Un autre cas qui reste inconnu est de savoir si Mme Hutchinson a parlé aux procureurs fédéraux de ce qu’elle a vu et entendu à la Maison Blanche le 21 janvier. 6 et les jours jusqu’à elle.

Le ministère de la Justice a déjà accusé plus de 220 fauteurs de troubles du recensement de l’obstruction, qui exige la preuve qu’un accusé s’est ingéré délibérément et par corruption dans les travaux du Congrès.

Certains juristes ont suggéré que M. Trump pourrait se défendre contre l’accusation en affirmant qu’il n’avait pas l’intention de perturber les travaux du Congrès par l’un de ses plans, mais a plutôt agi de bonne foi pour résoudre ce qu’il pensait sincèrement être une fraude dans le élection. Il pourrait aussi prétendre que son discours de ce jan. 6 était protégé par le premier amendement.

Mais même les experts qui ont autrefois donné crédit à ces défenses ont déclaré qu’ils estimaient que les nouveaux comptes dévoilés mardi révélaient la possibilité que M. Trump puisse leur faire confiance.

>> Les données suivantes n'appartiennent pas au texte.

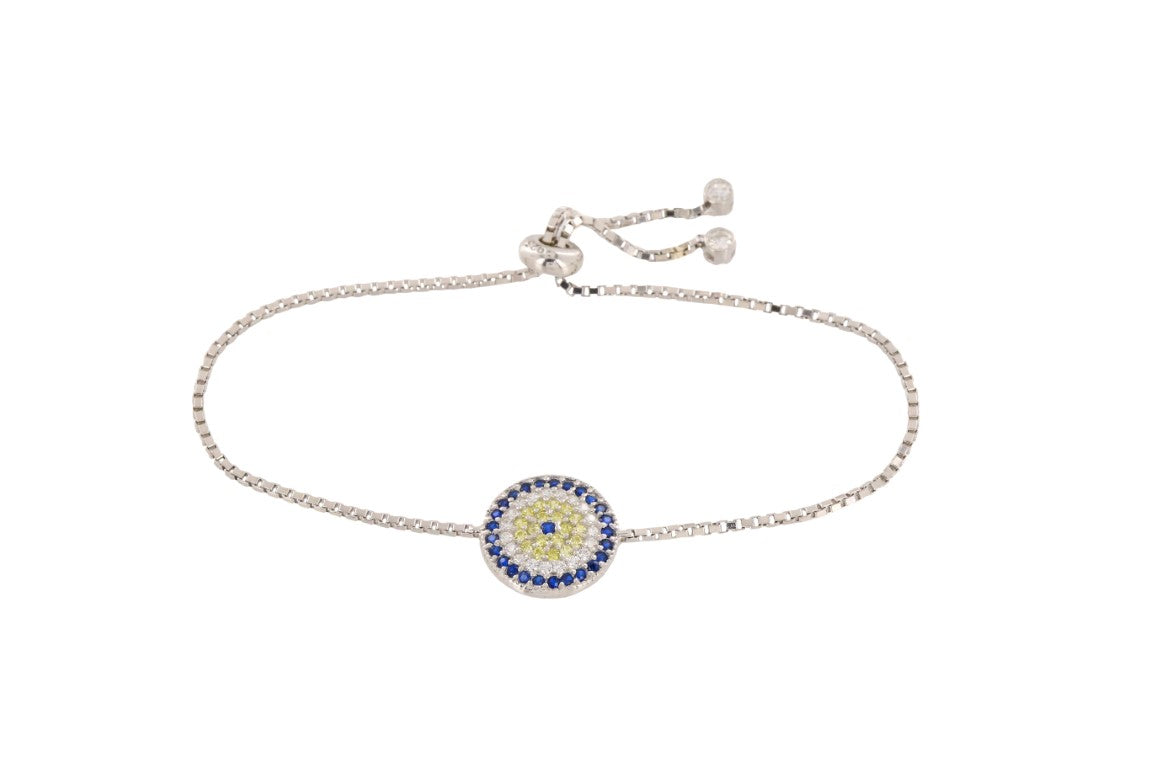 Traditional Design Evil Eye 925 Sterling Silver Toggle / Slider Bracelet studded with CZ

Tout le mois, le comité de la Chambre a présenté un argument détaillé expliquant pourquoi M. Trump devrait être inculpé de crimes lors d’une série d’audiences publiques. Les présentations ont dépeint M. Trump comme personnellement impliqué dans de nombreux efforts pour armer les législateurs des États, les responsables du ministère de la Justice et même Mike Pence, son propre vice-président, dans une contribution qui l’aurait maintenu à la Maison Blanche.

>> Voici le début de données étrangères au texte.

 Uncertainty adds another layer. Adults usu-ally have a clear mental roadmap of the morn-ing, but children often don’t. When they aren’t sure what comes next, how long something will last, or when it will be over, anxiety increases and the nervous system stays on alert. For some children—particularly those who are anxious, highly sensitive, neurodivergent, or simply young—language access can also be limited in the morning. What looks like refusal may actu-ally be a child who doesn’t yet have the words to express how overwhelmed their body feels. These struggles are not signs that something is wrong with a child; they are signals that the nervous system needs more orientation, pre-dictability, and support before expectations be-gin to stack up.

Ces intrigues comprenaient un complot visant à créer de faux panneaux d’affichage d’électeurs indiquant que M. Trump avait remporté les élections dans des États effectivement remportés par Joseph R. Biden Jr., et un effort ultérieur pour persuader M. Pence d’utiliser les faux panneaux le jan. . 6 de porter atteinte au fonctionnement normal du Collège électoral et de déclarer M. Trump d’être le vainqueur.

Ce que l’audience de mardi a ajouté était un récit cinématographique de M. Le lien de Trump avec la violence au Capitole.

“C’est une dernière pièce dramatique qui enrichit l’histoire”, a déclaré Daniel C. Richman, professeur de droit à l’Université de Columbia. “Mais il n’est pas clair que cela change la question fondamentale de la responsabilité pénale.”